DT: That's another thing that you touch on that was a massive inspiration for why I wanted to make the film. I wasn't able to find one accurate definition of this in Hollywood, within film. Every single time you see the OCD character, he's the quirky detective or friend, he's the quirky guy with gloves on, or it's The Aviator, which is its own form of OCD. But I hadn't seen anything, and as you say it's incredibly debilitating.
The World Health Organisation has OCD has one of the top ten debilitating forms of disability. It’s not quirky, and so the more normalised it can become, then people who describe something as OCD because they’re a perfectionist, “Oh, I'm being so OCD,” can hopefully have a better insight into what this condition really looks like, and what it is for people.
PR: The film embraces a broad range of themes and ideas, including relationship dynamics and the impact of our choices.

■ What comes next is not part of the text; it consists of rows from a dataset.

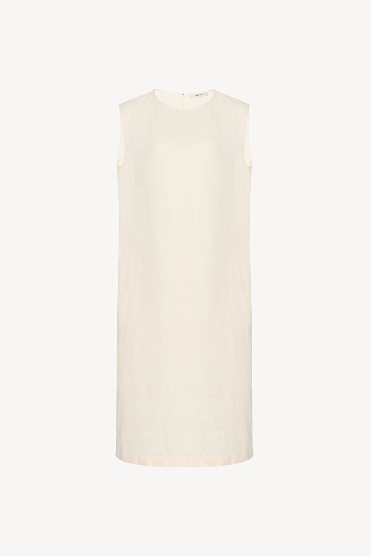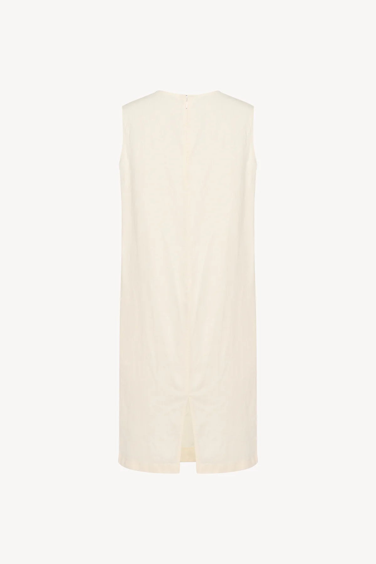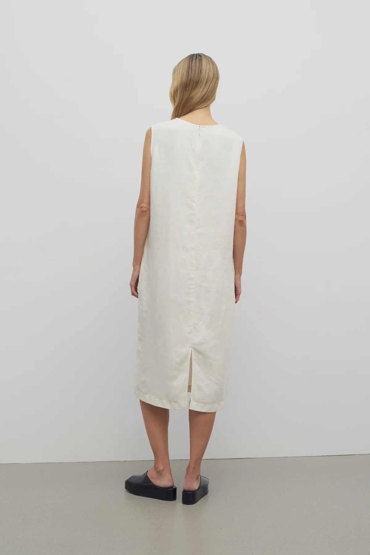 INFO Sleeveless mid-length dress in soft linen denim with rounded neckline and straight fit. |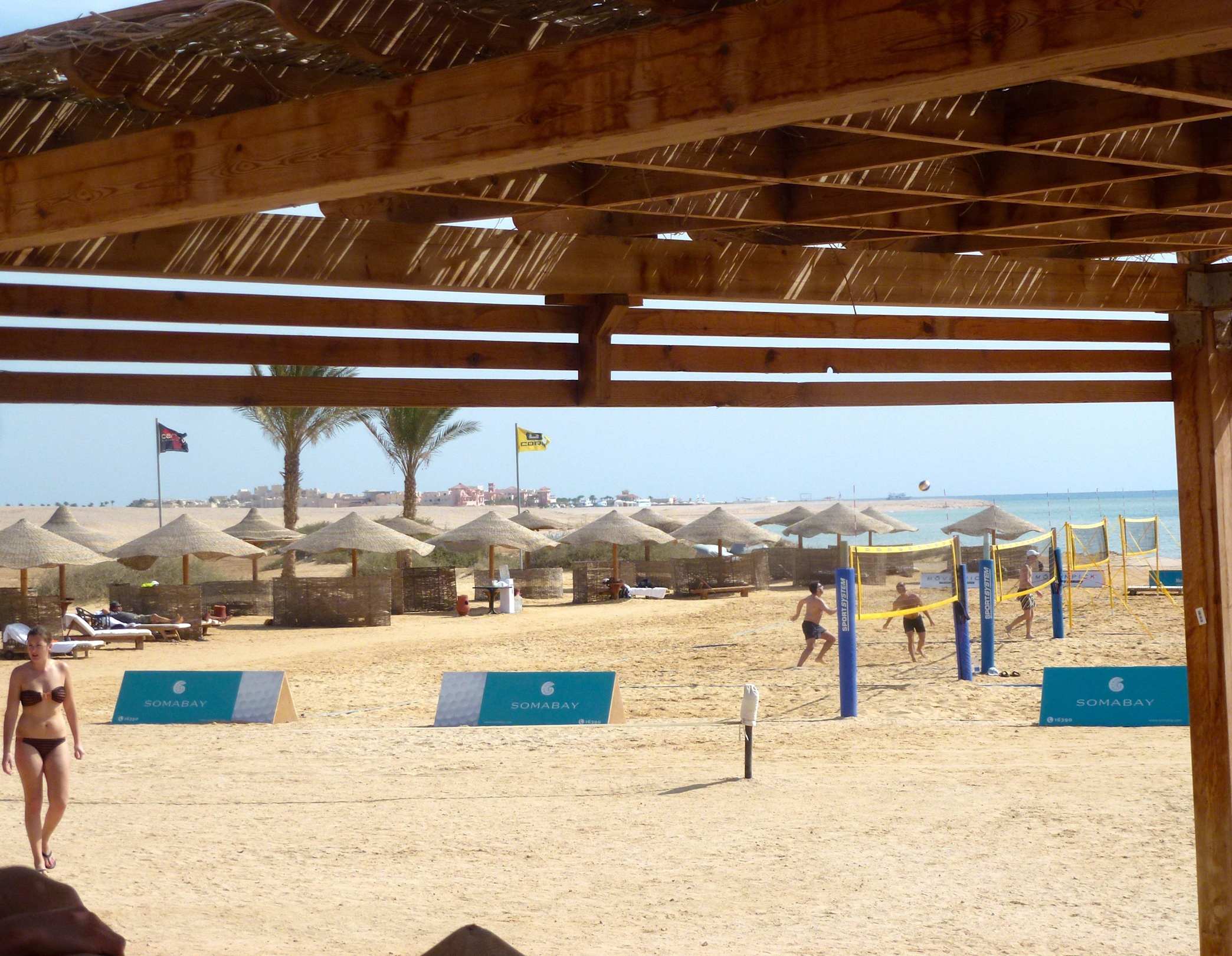 Blick vom Kite-House auf Liegen und Beachvolleybal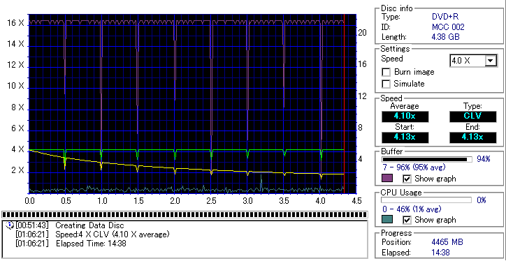 CDSpeed "Create data disc" -データディスク作成による速度グラフ- |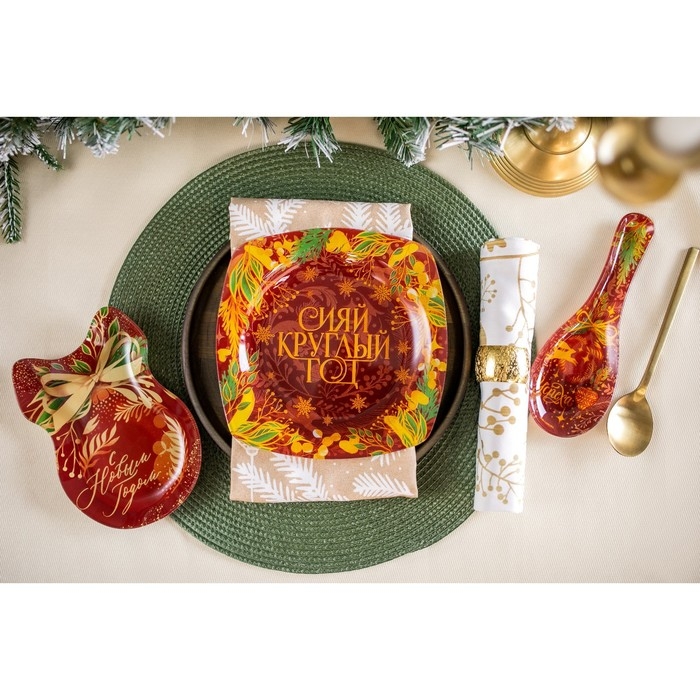 Новогодняя стеклянная подставка под ложку размером 21,4 х 7,5 см — отличный выбор для вашей кухни.

The choice to be vulnerable and let someone help you can be the difference between two different futures. Pure O at its heart, is a far reaching conversation about human nature.
DT: […] I'm American and I don't know if it's universal, or it's an American point of view of white knuckling it and we only save ourselves. I'm sure it's not, I'm sure it's more universal than that, but the individualism of it all is definitely an American thing, and trying to break that down and deal with your own stigmas, of being, "No, it's okay. That’s all bullshit.” It’s more powerful once you give yourself up to it. If you help other people and you allow them to help you, that breaks down those barriers.
Landry Bender in Pure O Photo: courtesy of Pure O LLC |
Human beings are social creatures and nobody is going to get through this thing by isolating. It's not just an American point of view, it's a male point of view, and men's mental health in particular is so important. I just want men in general to be more open and vulnerable, to be more willing to speak out about mental health, even if that’s not in a public way, but talk to your friends and don't harbour things.
I don't know why the other issues got brought up in the film, but I did want it to be more of an expose on human nature than a niche thing that's just about OCD.